[Pink Pig Time Machine by Wilfrid: September 8, 2008]
I ran out of time last week to turn the heavy, vellum pages of my memoirs, so we had better catch up to Labor Day, 1998 at least.
I returned from my brief trip to Chicago late (delayed), shook up (the plane was blown off course coming in to land and had to rear away sharply and make a second approach) and food-poisoned (some garbage consumed while hanging around O'Hare, I assume). Still, I managed to force down a samosa and a shish kebab at the Afghan Kebab House in Hell's Kitchen the next night - a meal disrupted by the casual progression of a cockroach across the table.
I dared to step outside again a couple of days later for a raucous dinner at what was then a downtown hotspot, reserved by some of work colleagues. First was on 1st Avenue, of course, and was what Sam De Marco did with himself during the second half of the nineties. The party ordered appetizers "for the table", which is always a good way of tasting nothing properly. Fried oysters and soft shell crab, buffalo wings, whatever else.
Long Island duck was glazed with honey and soy, which doesn't seem a bad idea, and arrived with both yucca and rice. I seem to recall some terrible business with sambuca at the bar afterwards, ending in a lively girl fight. Oh, well.
Check shock at the next restaurant that week. F.Illi Ponte has been a looming presence on the Hudson waterfront for more than three decades. A big, old building - I assume owned by the family - dining rooms, bars and a piano bar thread spaciously over several floors. In 1998, the restaurant smoking ban was undreamt of, and the upstairs bar was home to men in expensive suits puffing prestige stogies.
The restaurant bills itself today as the home of the "angry lobster". Ten years ago, it was the home of the angry lobster customer. I learned an important New York lesson the hard way: you need to know when to ask the price of the specials recited by the server. After some simple, grilled calamari came a lobster special. A reasonably large lobster, it's true, doused in some special sauce. And it turned out, of course, to be handsomely priced by the pound - an astonishing three figure sum on a check bumped up in any case my choice of a '95 premier cru Chablis to accompany it.
My date that evening enjoys telling the story to this day, concentrating particularly on the expression on my face. I did my best to reduce the captain to tears, and like to think I came close.

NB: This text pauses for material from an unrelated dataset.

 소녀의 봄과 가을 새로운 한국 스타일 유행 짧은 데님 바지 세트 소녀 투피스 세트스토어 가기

Chastened, I ate penitential cotechino and lentils at home the next evening. I suspect I found the aromatic, fat cooking sausage at Dom's on Lafayette.

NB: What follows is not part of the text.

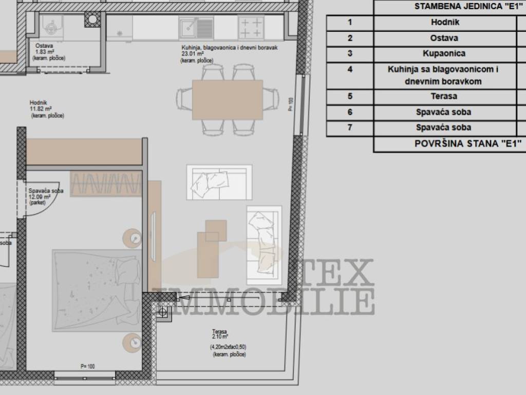 L’appartamento è composto da soggiorno con cucina e zona pranzo di 23,01 m², due camere da letto, un ripostiglio, un bagno e una terrazza.
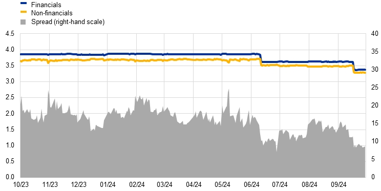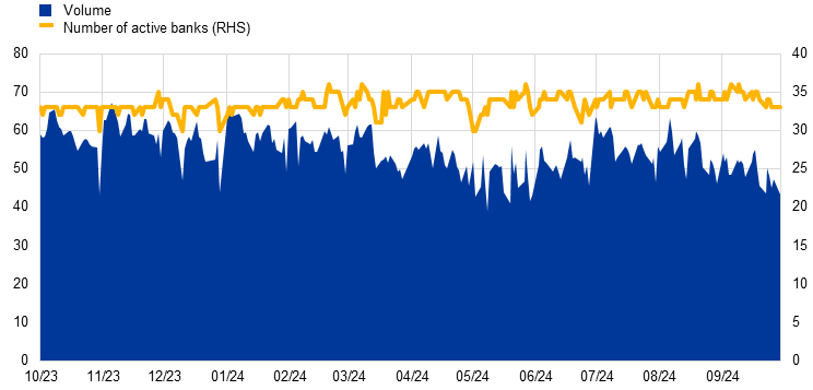 First, the €STR showed a full and immediate pass-through of the ECB’s policy rate changes. The ECB cut its key interest rates twice during the period under review, lowering the deposit facility rate, which is the rate through which the Governing Council steers the monetary policy stance, from 4.0% to 3.5%.[3] Accordingly, the €STR decreased from 3.90% at the beginning of October 2023 to 3.41% at the end of September 2024.

And finally, as summer ends, a dinner at very much a winter restaurant - the Firebird Russian Restaurant on Restaurant Row. This place was rather fun when it first opened in a dramatic, iron-gated, arch-windowed mansion on West 46th Street. Staff wore elaborate pre-Lenin uniforms. The downstairs bar was grand; a staircase swept you up to the candlelit, white table-clothed upstairs dining room. A version of imperial Russian cooking and a vodka list. Why not?
I ate seared sweetbreads with cherry tomatos and dill-flavored gnocchi. Champagne with this, of course. Then grilled sturgeon, good enough, with some tired vegetables and a bottle of white. And off in my carriage to sea the show (okay, the late performance of "The Season" at The Triad).